Tom and Jerry: Robin Hood and His Merry Mouse is a 2012 American animated direct-to-video action-adventure musical comedy film starring the seven-time Academy Award-winning cat-and-mouse duo Tom and Jerry as well as the historical and heroic outlaw Robin Hood. Produced by Warner Premiere, Warner Bros. Animation and Turner Entertainment Co., the film was released on DVD and Blu-ray on September 28, 2012.

The film was dedicated to the memory of actor, TV and comic writer and story and screenplay supervisor Earl Kress, who died on September 19, 2011, from liver cancer.

==Plot==
Robin Hood, his companion Jerry, and the merry men attempt to ambush a tax money transport going through Sherwood Forest; the transport is a setup for a trap by the Sheriff of Nottingham, Prince John’s right-hand man who is accompanied by his henchcat Tom. However, thanks to Jerry’s warning, Robin has summoned his Merry Men to the scene, ambushing the ambushers and successfully seizing the gold transport. When John and the Sheriff discuss this latest fiasco, the Sheriff deduces that Robin uses Jerry to ferry information to and from a spy inside the castle, and tasks Tom to catch Jerry to flush out the traitor.

The very same night, Robin asks Jerry to deliver a love poem to Maid Marian (played by Red), his secret contact and love interest. However, Marian is being kept company by Tom, and upon spotting Jerry approaching the castle, he attempts to thwart the mouse but fails. The Sheriff devises a plan to capture Robin at a staged archery tournament, with a kiss from Marian as an additional enticement. Robin cannot resist the temptation and decides to participate, despite the misgivings of his men. When Jerry is chased by Tom while delivering a ring of love from Robin to Marian, he accidentally helps him win the contest; the Sheriff unmasks him and Robin and his men end up captured.

Jerry, the only Merry Man (besides Spike, Tyke and Friar Droopy) left at large, penetrates the castle to free his companions, but is discovered and engaged by Tom. As they fight in Marian’s room, they are accidentally evicted by the Sheriff, who then discovers that Marian is Robin’s informer and places her under arrest. Tom finally captures Jerry, but is rudely dismissed by John and the Sheriff, who have just learned to their dismay that King Richard, John’s brother and the rightful King of England, is returning from the Crusades much earlier than anticipated. John and the Sheriff begin to hatch a scheme to ambush and kill Richard before he can set foot on British soil, and also decide to execute Marian for her “treachery”. As a result, Tom revokes his loyalty to John, frees Jerry, and teams up with him to free Robin and the Merry Men from prison.

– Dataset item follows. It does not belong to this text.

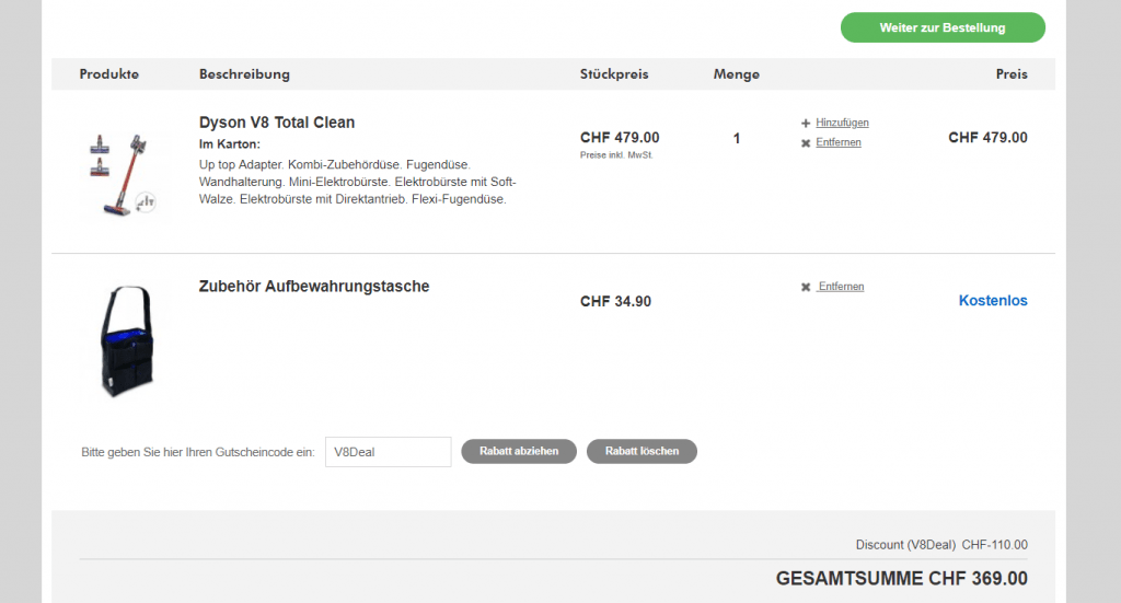 Im Dyson Shop gibt’s mit dem Gutscheincode V8Deal drei Modelle des kabellosen Staubsaugers Dyson V8 für CHF 369.- Zudem gibt’s ein gratis Zubehörteil (Auswahl zwischen “Zubehör Aufbewahrungstasche”, “Quick Release Verlängerungsschlauch” und “Quick Release Extra-hart Bürste”) obendrauf.

Meanwhile, John, the Sheriff, and their henchmen ride off to set their trap for Richard. Spike, Tyke and Droopy enter the castle unchallenged and, while looking for their comrades, end up freeing Marian. After Spike discovers the location of John’s ambush, Tom, Jerry, Robin and his men come to the rescue. They manage to arrive in the proverbial nick of time to thwart the assassination, forcing John and the Sheriff to resolve the matter in close combat. Just as Robin and Richard end up helplessly before them, Tom and Jerry intervene and engage the two traitors in a swordfight, allowing Robin and Richard to extricate themselves and reenter the fray. John and the Sheriff are captured, Richard returns to his throne, Robin and Marian get married, and Tom and Jerry are knighted for their services to the crown. The duo almost get into a chase when Jerry hits Tom with his sword by mistake, but Tom quickly forgives him.

==Voice cast==
- Spike Brandt as Tom Cat, Jerry Mouse and Tyke (uncredited)
- Jamie Bamber as Robin Hood
- Phil LaMarr as Spike Bulldog
- Charles Shaughnessy as Sheriff of Nottingham
- John Michael Higgins as Prince John
- Grey DeLisle as Maid Marian
- Clive Revill as King Richard and Referee
- John DiMaggio as Little John and McWolf (uncredited)
- Joe Alaskey as Friar Tuck and Friar Droopy
- Greg Ellis as Will Scarlet and Tin
- Jess Harnell as Pan
- Richard McGonagle as Barney Bear and Alley

==Follow-up film==
Tom and Jerry's Giant Adventure was released on August 6, 2013.